What you need to do:
Would you copy exactly the lines in the data below from the one that has "VBChome Spülbecken mit" through the one that has "Kůže Dámské Botky", dropping any pictures?

[Opening Data listing section]

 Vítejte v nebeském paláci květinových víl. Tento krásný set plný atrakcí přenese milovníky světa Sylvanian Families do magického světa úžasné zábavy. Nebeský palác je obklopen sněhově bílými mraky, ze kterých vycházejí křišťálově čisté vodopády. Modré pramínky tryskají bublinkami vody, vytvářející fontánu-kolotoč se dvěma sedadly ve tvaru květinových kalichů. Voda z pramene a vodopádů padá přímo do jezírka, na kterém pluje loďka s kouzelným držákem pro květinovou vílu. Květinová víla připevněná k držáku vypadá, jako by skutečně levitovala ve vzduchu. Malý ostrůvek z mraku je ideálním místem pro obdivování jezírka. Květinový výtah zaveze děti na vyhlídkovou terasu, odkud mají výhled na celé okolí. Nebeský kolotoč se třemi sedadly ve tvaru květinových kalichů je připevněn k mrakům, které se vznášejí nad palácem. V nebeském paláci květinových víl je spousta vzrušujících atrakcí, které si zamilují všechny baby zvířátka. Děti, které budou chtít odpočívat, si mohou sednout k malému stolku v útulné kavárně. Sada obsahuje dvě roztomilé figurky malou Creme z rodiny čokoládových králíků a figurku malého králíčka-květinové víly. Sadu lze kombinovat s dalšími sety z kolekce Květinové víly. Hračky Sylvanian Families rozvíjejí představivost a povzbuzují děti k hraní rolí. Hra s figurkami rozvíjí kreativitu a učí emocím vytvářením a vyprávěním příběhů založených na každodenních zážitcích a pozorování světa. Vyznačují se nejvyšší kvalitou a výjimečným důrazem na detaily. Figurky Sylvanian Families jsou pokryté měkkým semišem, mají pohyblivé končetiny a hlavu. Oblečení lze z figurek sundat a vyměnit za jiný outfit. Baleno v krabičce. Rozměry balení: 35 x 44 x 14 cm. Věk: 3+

[Closing Data listing section]
[Opening Data listing section]

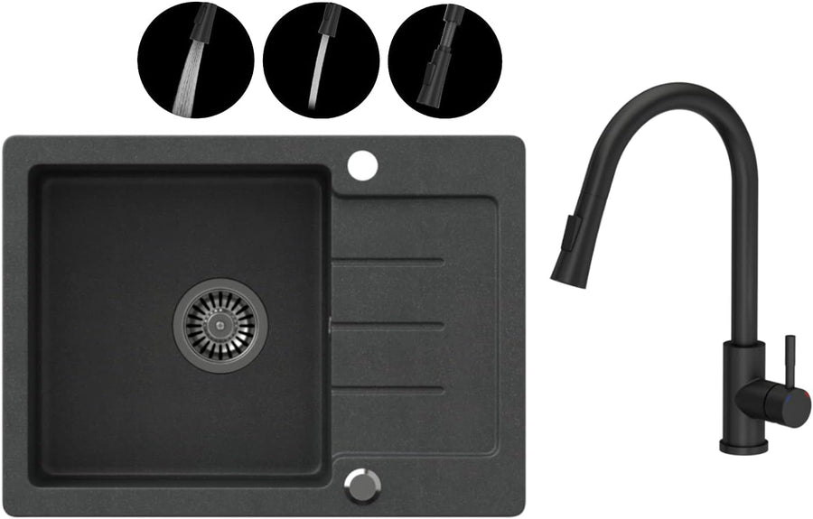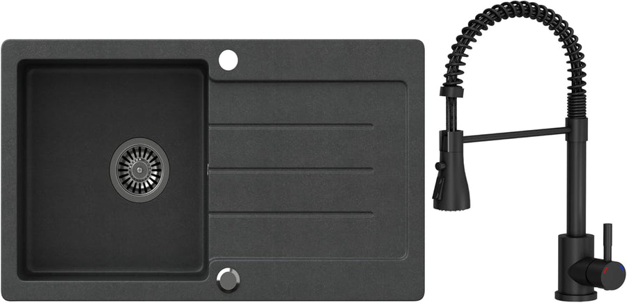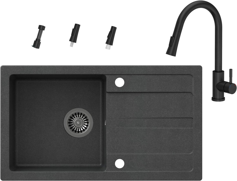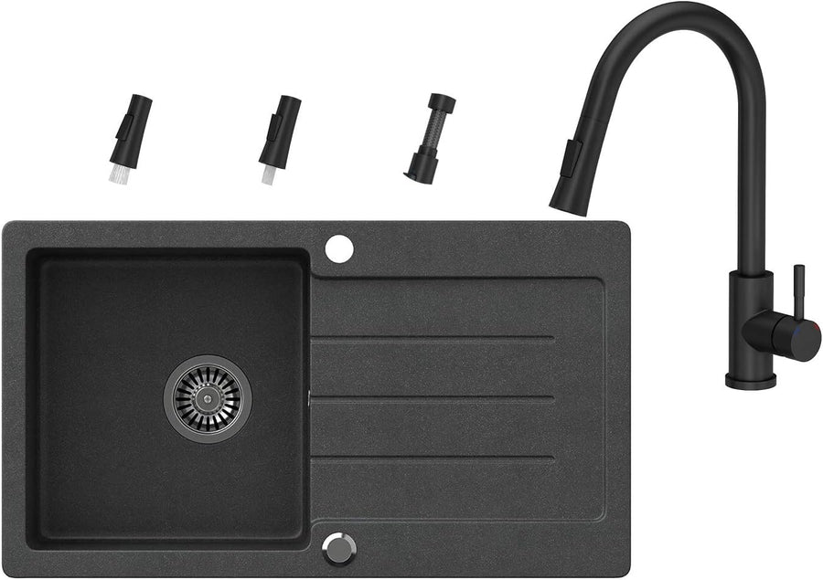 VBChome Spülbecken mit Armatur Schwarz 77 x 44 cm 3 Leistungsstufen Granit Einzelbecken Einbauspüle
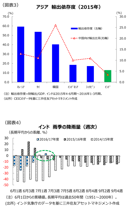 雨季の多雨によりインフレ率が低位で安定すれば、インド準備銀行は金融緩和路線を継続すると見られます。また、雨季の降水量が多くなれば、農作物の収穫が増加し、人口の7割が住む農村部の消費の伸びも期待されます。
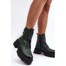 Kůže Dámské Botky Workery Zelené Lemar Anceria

[Closing Data listing section]

Completed task:
 VBChome Spülbecken mit Armatur Schwarz 77 x 44 cm 3 Leistungsstufen Granit Einzelbecken Einbauspüle
 雨季の多雨によりインフレ率が低位で安定すれば、インド準備銀行は金融緩和路線を継続すると見られます。また、雨季の降水量が多くなれば、農作物の収穫が増加し、人口の7割が住む農村部の消費の伸びも期待されます。
 Kůže Dámské Botky Workery Zelené Lemar Anceria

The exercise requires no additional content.